Experimental program
Comparison scheme
Effect test

Embodiment 1

[0837] Embodiment 1: synthetic 6-(2-chloro-4-[1,3,4] oxadiazol-2-yl-phenyl)-8-ethyl-2-[4-(4-methyl-piper Azin-1-yl)-phenylamino]-8H-pyrido[2,3-d]pyrimidin-7-one (8)

[0838] Preparation of intermediate compounds :

[0839] Intermediate 1: Synthesis of 6-bromo-8-ethyl-2-(methylthio)pyrido[2,3-d]pyrimidin-7(8H)-one (3).

[0840]

[0841] Step 1: Synthesis of 6-bromo-2-(methylthio)pyrido[2,3-d]pyrimidin-7(8H)-one (2)

[0842] Dissolve 2-(methylthio)pyrido[2,3-d]pyrimidin-7(8H)-one (1, 1.00 g, 5.18 mmol) in anhydrous dimethylformamide (25 mL) at room temperature To a solution of N-bromosuccinimide (0.99 g, 5.59 mmol) was added portionwise, and the reaction mixture was stirred for 18 hours. The mixture was concentrated and the solid was triturated with hot water (1 x 20 mL), filtered and washed with isopropanol to give the title compound as a pale yellow solid (0.68 g, 2.50 mmol, 48%). ESMS m / z272(M+H) + ; 1 H NMR (400MHz, DMSO-d 6 ) δppm 12.88 (broad singlet, 1H), 8.84...

Embodiment 2

[0857] Embodiment 2: synthetic 6-[2-chloro-4-(thiophen-2-yl) phenyl]-8-ethyl-2-(4-(4-methylpiperazin-1-yl) phenylamino ) pyrido[2,3-d]pyrimidin-7(8H)-one (13)

[0858]

[0859] Preparation of intermediate compounds :

[0860] Intermediate 2: Synthesis of ethyl 4-bromo-2-chlorophenylacetate (19)

[0861]

[0862] Step 1: Synthesis of (4-bromo-2-chlorophenyl)methanol (15)

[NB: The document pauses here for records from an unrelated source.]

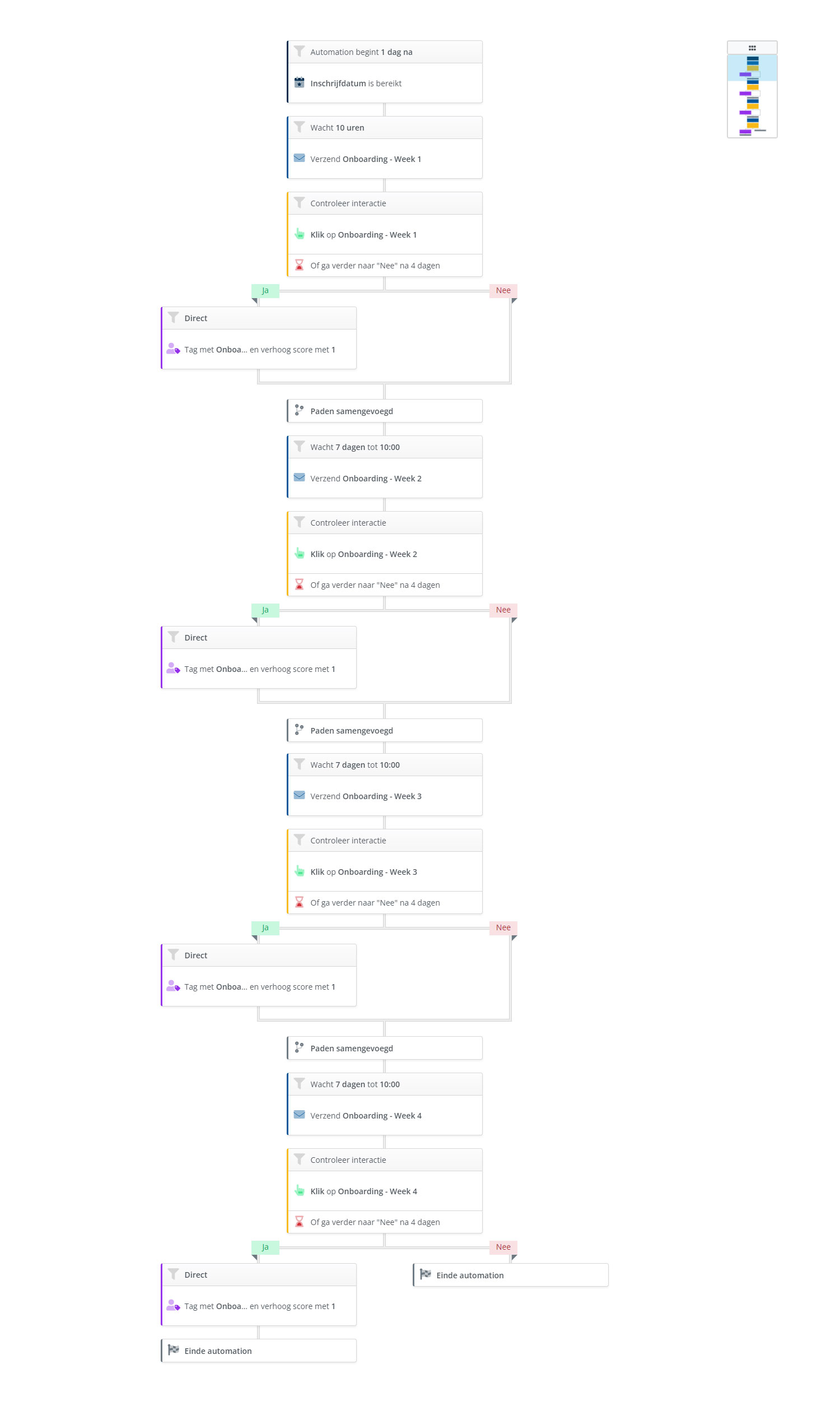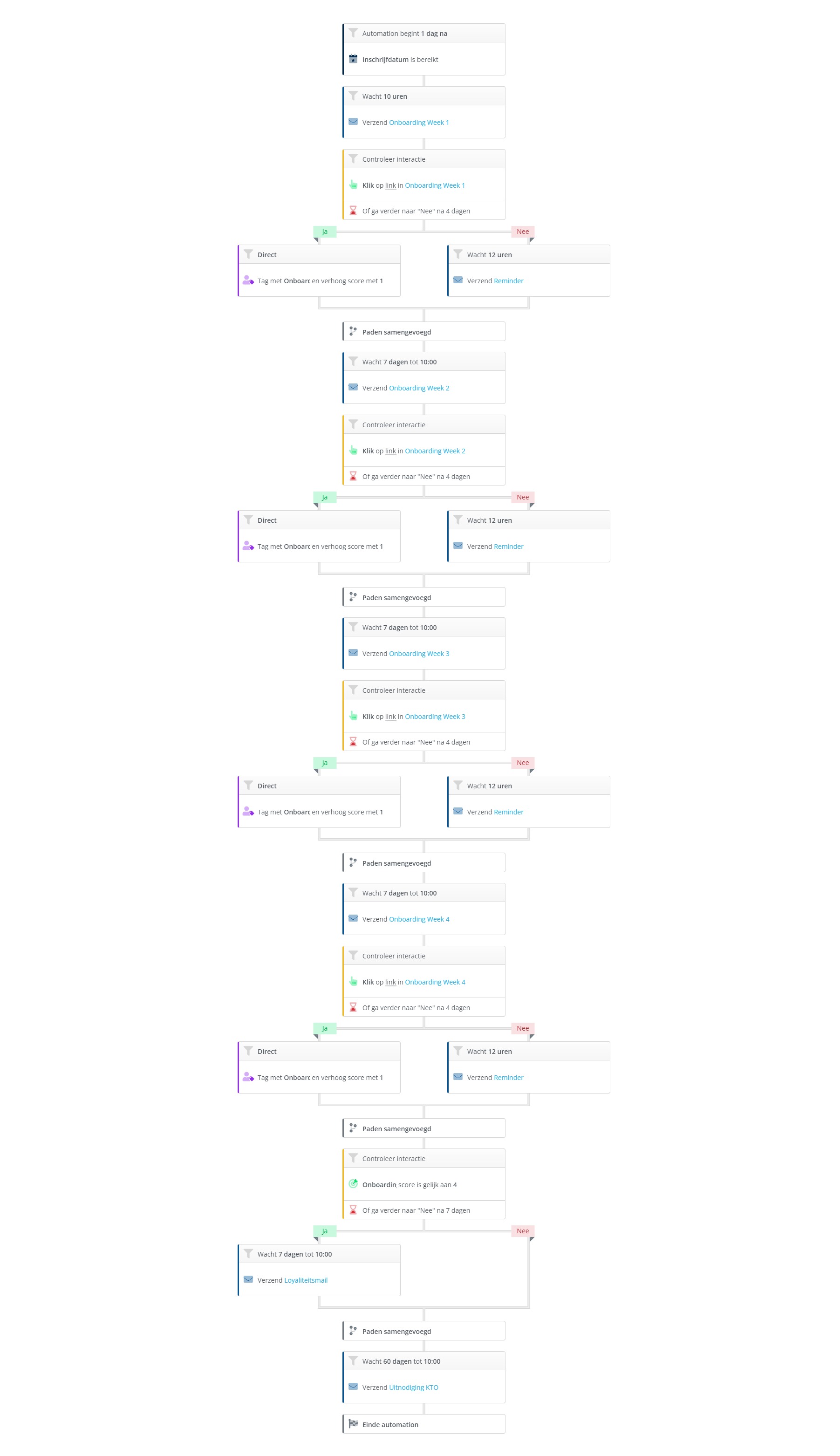 Na iedere stap wordt er door middel van een conditie gecontroleerd of een contact geklikt heeft. Voeg bij ieder Nee-pad een reminder toe. Zo kan je het contact stimuleren alsnog te klikken.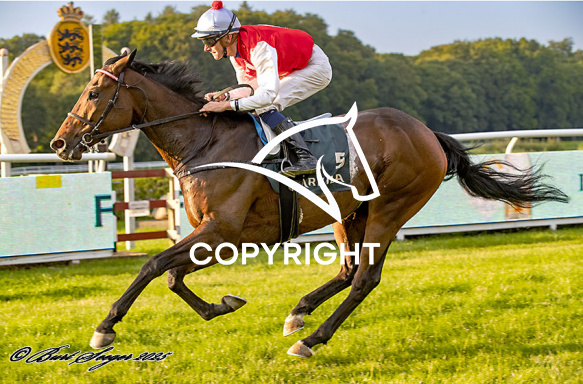 - Billede Beskrivelse: LUCIEN med Jacob Johansen 8. løbs vinder på Klampenborg d. 2024-07-19. Photo: Burt Seeger.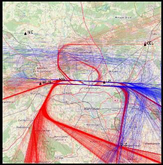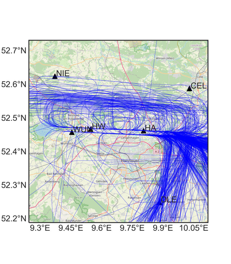 A A A Volume : 44 Part : 2 A quantitative approach to density–based clustering of flight trajectories for e ffi cient air tra ffi c noise simulationsShreyas M. Guruprasad 1 , Gil Felix Greco 2 , Tobias P. Ring 3 and Sabine C. Langer 4Institute for Acoustics (InA), Technische Universität Braunschweig Langer Kamp 19, D-38106 Braunschweig, GermanyABSTRACT The increased availability of air tra ffi c data has enabled the application of data–driven approaches to support the simulation of noise contours around airports. Aiming at e ffi cient aircraft noise simulations, this contribution proposes a framework for the probabilistic description of the air tra ffi c around an airport. The methodology is based on flight trajectory clustering using the density–based algorithm OPTICS. The clustered trajectories serve as a basis for the creation of backbone and dispersion tracks, which, together with a prescribed number of flight operations per aircraft type, provide a probabilistic description of the air tra ffi c to the noise simulations. A major focus is given to quantitatively assess the sensitivity of the OPTICS algorithm to di ff erent hyper–parameters to reduce the dimensionality of the problem. This framework is demonstrated utilizing a dataset of ADS–B flight trajectories associated with flights approaching the Hannover airport. Noise simulations based on the ECAC Doc. 29 best–practice method are conducted using the software SoundPLAN. A good agreement between noise contours is obtained when comparing simulations performed using the proposed framework and the full dataset while the computational time required is decreased. Furthermore, this approach identifies most of the trajectory patterns with the least amount of outliers.1. INTRODUCTIONThe expansion of Automatic Dependent Surveillance-Broadcast (ADS–B) technology has enabled open–source flight tracking data to become publicly available, supporting the analyses of aircraft operations at a large scale. This technology helps to track the position of an aircraft, along with other relevant parameters, by sending periodic messages to ground receivers and other aircraft. Recently, ADS–B data has been used in the context of many data–driven applications, such as the identification of air tra ffi c flows [1], to improve time of arrival estimations [2], and for the prediction of aircraft emissions [3], to name a few. Flight trajectory data provided by ADS–B sensors can be used for the study of aircraft noise in many di ff erent ways. Concerning aircraft noise simulations based on best–practice methods, such1 s.guruprasad@tu-braunschweig.de2 g.felix-greco@tu-braunschweig.de3 t.ring@tu-braunschweig.de4 s.langer@tu-braunschweig.deinter.noise % 2022 as the Doc. 29 from the European Civil Aviation Conference (ECAC) [4], ADS–B data is suitable to provide input information describing the aircraft’s trajectory in terms of geographical position, altitude and velocity. Moreover, the ADS–B data can be used indirectly for best–practice aircraft noise simulations based on a probabilistic representation of the air tra ffi c. This is achieved by identifying air tra ffi c flows around an airport, which are then individually described in the noise simulations as flight corridors by so–called backbone– and side–tracks along with its corresponding number of flight movements. Therefore, in this case the noise simulations are performed based on the probabilistic description of flight movements along a flight route instead of considering all individual flight movements occurring at the same route. The probabilistic approach is specially useful for the noise forecast of future air tra ffi c scenarios, when data concerning single flight trajectories explicitly is not yet available. Moreover, this approach has been previously demonstrated to be more e ffi cient in terms of computational cost when compared to the use of a full dataset of flight trajectories for the noise simulation of large air tra ffi c scenarios [5]. The identification of air tra ffi c routes around an airport requires a large dataset of flight trajectories and is typically performed using density–based clustering algorithms [6, 7] to automatically extract main air tra ffi c flows from a sample of flight track data in the region of interest. In this context, a flow can be defined as a pattern in which 1) entities move along the similar paths / routes in a spatial dimension and 2) the movements starts / ends within the same time interval. Moreover, the identification of air tra ffi c flows from aircraft tracking data can be framed as a problem of discovering spatial and temporal trends in the collective movement of aircraft through space and time [8]. Aiming at e ffi cient noise simulations, this contribution proposes a framework for the probabilistic description of the air tra ffi c around a medium–size airport based on density–based flight trajectory clustering. Traditional clustering algorithms are very sensitive to values of input parameters, often producing very di ff erent partitioning of the data set even for slightly di ff erent parameter settings [9]. Therefore, we quantify the influence of the input hyper–parameters on the clustering performance using local and global sensitivity analysis. Thereafter, an optimal input parameter setting for trajectory clustering is used for deriving a probabilistic description of the air tra ffi c. Finally, aircraft noise simulations are performed and the results obtained using the probabilistic model are compared to the results obtained using the full flight trajectory dataset, where each flight trajectory is individually simulated. This work is structured as follows: the methodology used for this purpose is introduced in Section 2, which includes the description of the steps involved in the pre–processing of the flight trajectories, evaluation of the performance of the clustering algorithm, and the details of the pr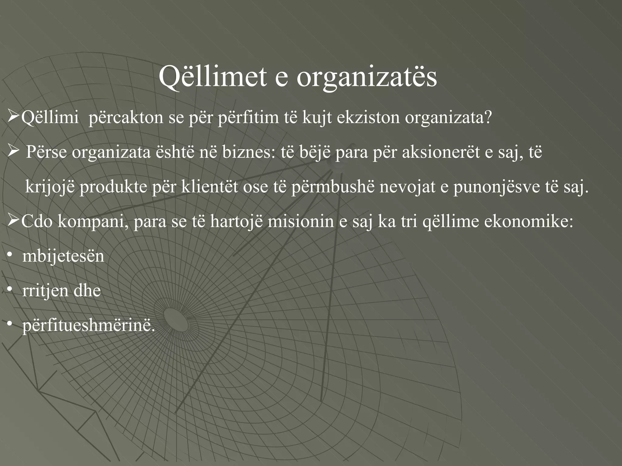Qëllimet e organizatësQëllimi përcakton se për përfitim të kujt ekziston organizata? Përse organizata është në biznes: të bëjë para për aksionerët e saj, të krijojë produkte për klientët ose të përmbushë nevojat e punonjësve të saj. Cdo kompani, para se të hartojë misionin e saj ka tri qëllime ekonomike: mbijetesën rritjen dhe përfitueshmërinë.
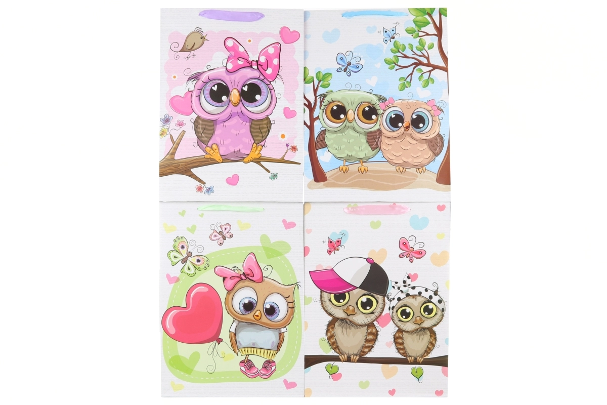 Această pungă cadou cu îndrăgitul motiv de bufnițe este o alegere excelentă pentru zile de naștere, sărbători și petreceri în familie. Datorită dimensiunilor mai mari, poate cuprinde cu ușurință cărți, haine, jucării sau un set de mici cadouri. Execuția de calitate asigură că darul ajunge la destinație în mod stilat și în siguranță.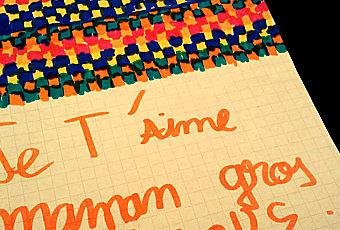 C'est le roi des attentions cet enfant, toujours le petit mot ou le truc qui fait fondre. J'ai eu droit à un de biens jolies lignes, que je garde pour moi, puis cette création avec un mot doux. Comment vous dire ? Je l'ai regardé, j'ai souri bêtement et tout à coup je l'ai revu quand il avait 3 ans ... Nous sommes allés jeté un oeil sur le tableau où il a punaisé quelques photos de quand il était "petit" et je lui ai expliqué que parfois les parents étaient très étranges. Oui étranges parce qu'ils ne voient pas leurs enfants grandir toujours très bien. Je lui ai dit que parfois il m'arrivait encore de le voir comme sur cette photo où il avait 4 ans...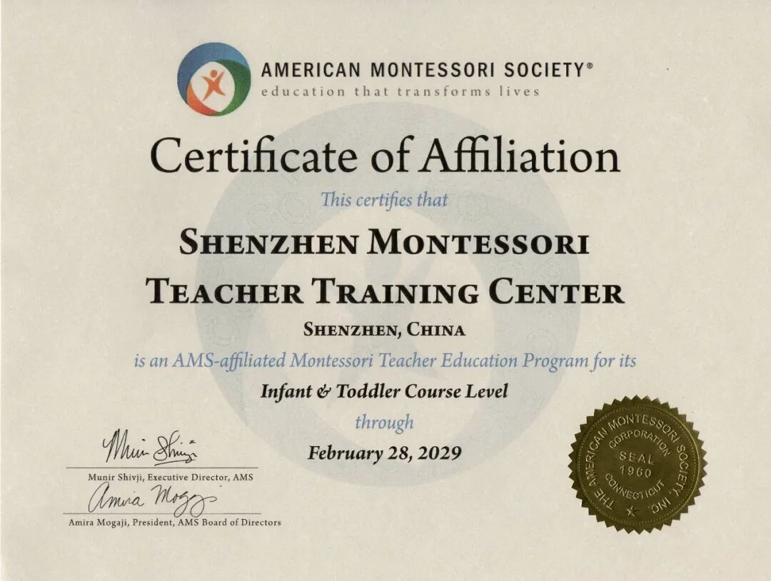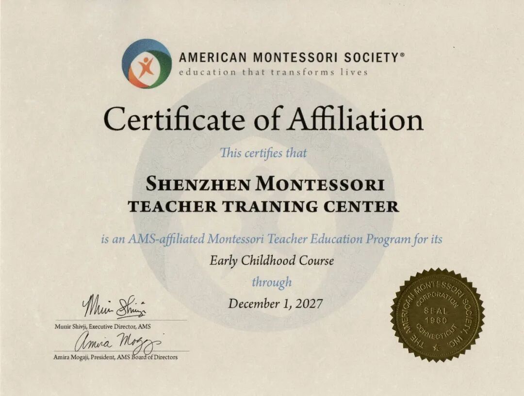2018年深圳国际蒙特梭利教育儿童中心成为美国蒙特梭利协会(AMS)会员学校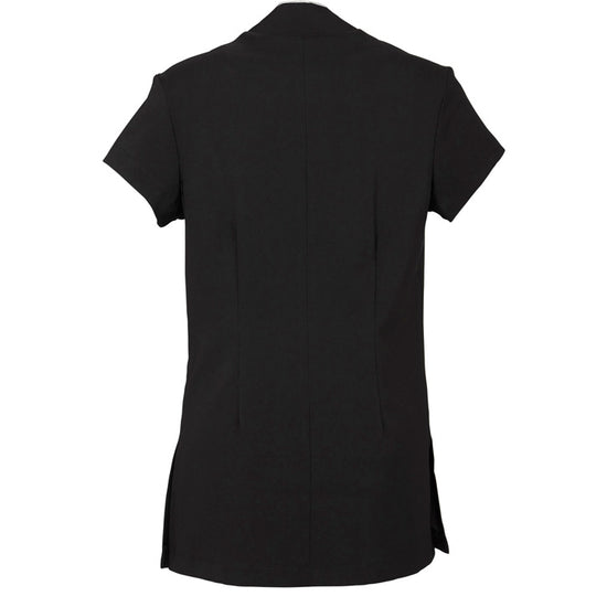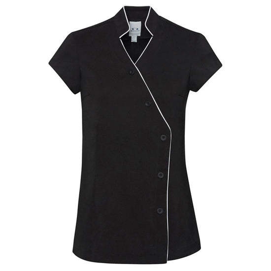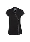 A classic crossover design for the stylish beauty professional! Unique, satin back, 2-way stretch fabric offers superior comfort and keeps you moving freely. Dupont Teflon Coated for superior stain resistance. Modesty panel means no gaping for your staff with this button-through wrap.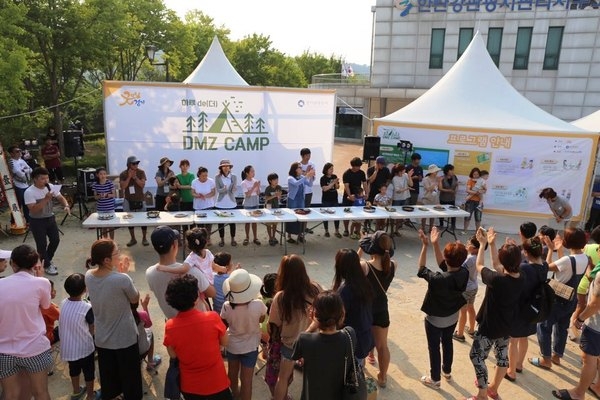 [경기헤드라인=김윤종 기자] 캠핑을 통해 DMZ일원의 정취를 느끼며 지역경제도 살리는 ‘2017 나라사랑 DMZ 체험캠프’가 전국 각지의 캠퍼 750여명이 참여한 가운데 16일부터 18일까지 한탄강관광지 오토캠핑장 등 연천군 일원에서 성황리에 열렸다.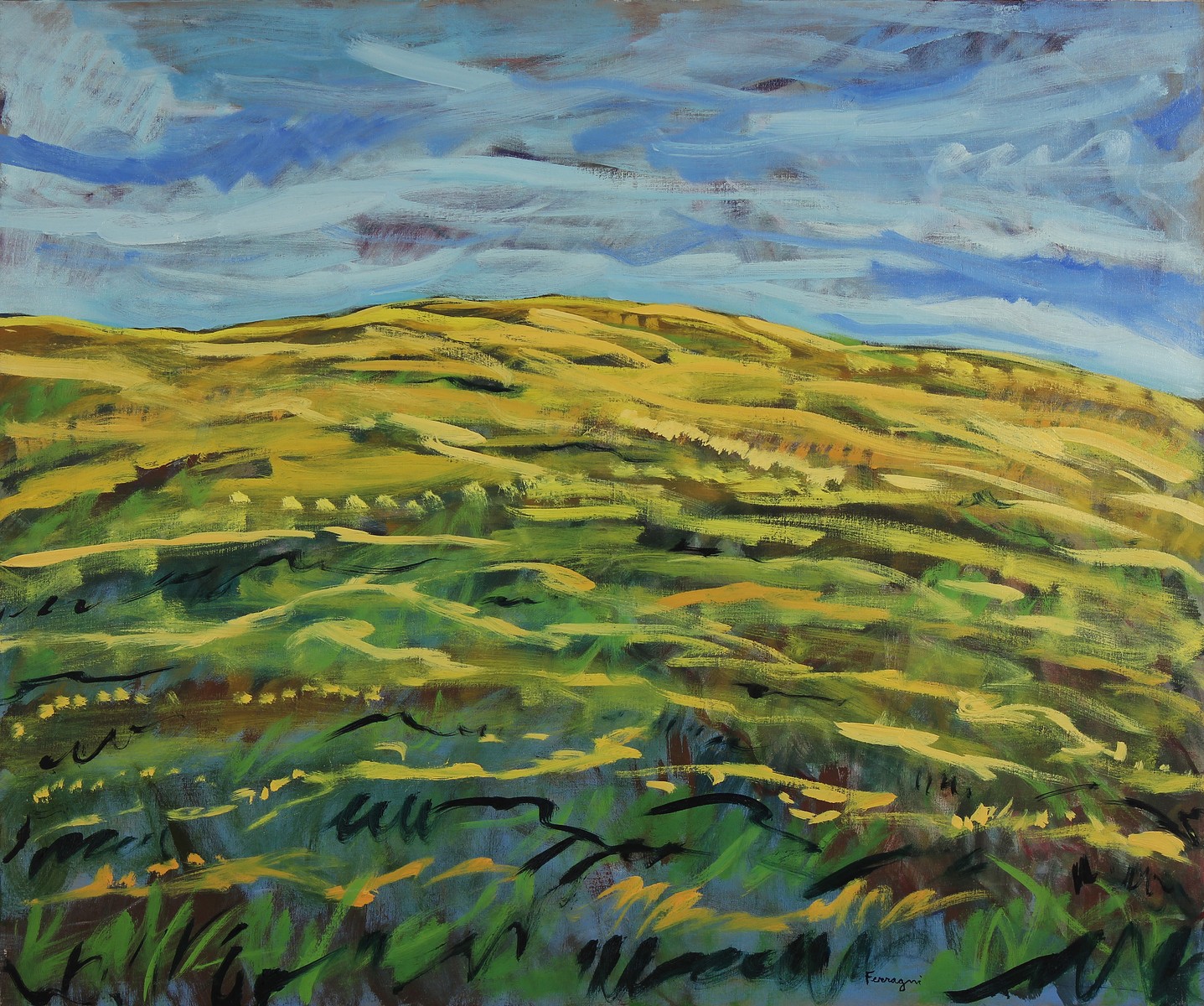 FERRAGNI STEFANO (n. 1926) Paesaggio. 1990. Olio su tela . Cm 120,00 x 100,00. Pubblicato sul catalogo "Stefano Ferragni, Paesaggi" a cura dell'Associazione Culturale Amici Dell'Arte, Bergamo. Firmato in basso a sinistra.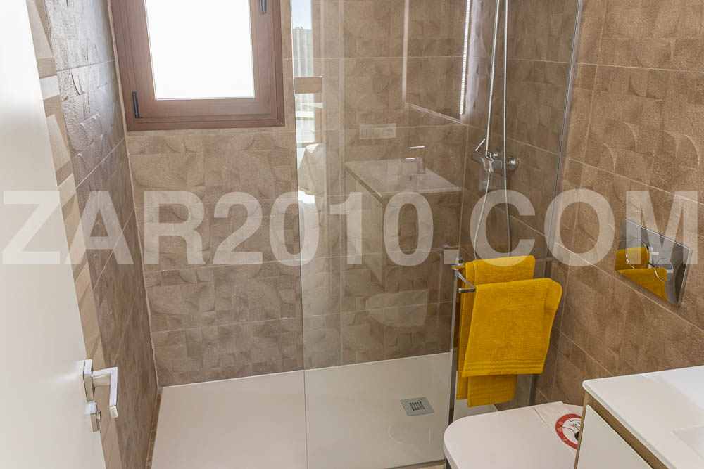 On the first floor, two double bedrooms with built-in wardrobes and en-suite bathrooms with showers maximize comfort and privacy. All bedrooms are designed to receive abundant natural light and offer pleasant views of the surroundings.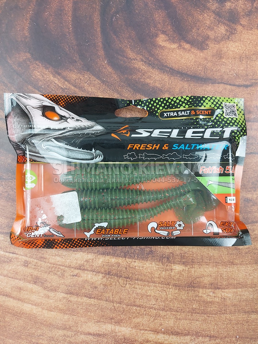 Силікон Select FatFish - віброхвіст з об'ємним тілом, покритим м'якими ребрами, як і у моделі FatFish. У приманки FatFish в нижній частині є спеціальне місце для додаткового підвантаження, якщо передбачається використовувати її в якості свімбейта. Під час проводки, за рахунок еластичності матеріалу, хвіст дуже розмашисто виляє по сторонам, вібрація від якого з великої відстані приваблює рибу. Ребра на тілі виконують кілька функцій. По-перше, вони створюють додаткову вібрацію, що приваблює рибу. По-друге, рифлене тіло на багато м'якше цільного, що позитивно позначається на грі приманки. По-третє, при клюванні риби, ребра легко зминаються і починають активно виділяти смакові добавки, що містяться в складі силікону, так що риба не помічає підступності і продовжує його заковтувати. Спокусливі виляння всім тілом і каламуть, що піднімається з дна джиг-головкою, активно привертають увагу риби, яка сміливо кидається на силікон.

[0863] 4-Bromo-2-chlorobenzoic acid (14, 92.0 g, 0.39 mol) was dissolved in anhydrous tetrahydrofuran (920 mL) and cooled to -15 °C. Isobutyryl choroformate (51.0 mL, 0.39 mol) was added followed by N-methylmorpholine (43.5 mL, 0.39 mol). The resulting mixture was stirred at -15°C for 10 minutes, cooled to -25°C and the precipitated N-methylmorpholine hydrochloride was filtered off. The filtrate was warmed to -5°C and a solution of sodium borohydride (22.19 g, 0.586 mol) in water (190 mL) was added dropwise to the mixture while keeping the temperature below 0°C. After stirring at 0 °C for 1 h, th...

Embodiment 3

[0886] The following compounds were prepared by the method of Example 2 using the appropriate aryl acetate in step 1 and aniline in step 3. Examples containing a secondary amino group on the aniline were synthesized with the appropriate Boc-protected aminoaniline and treated with hydrogen chloride in an organic solvent in the final step to yield the example compound, usually isolated as the hydrochloride salt come out. In this way, Example 3 is made with 2-[5-methyl-2-(N-tert-butoxycarbonylpiperidine)-1,3-thiazol-4-yl]acetic acid methyl ester and 4-(4- Methylpiperazino) aniline prepared. Example 4a and Example 4b were prepared from Example 3 by reductive methylation and treatment with acetic anhydride, respectively.

[0887]

[0888]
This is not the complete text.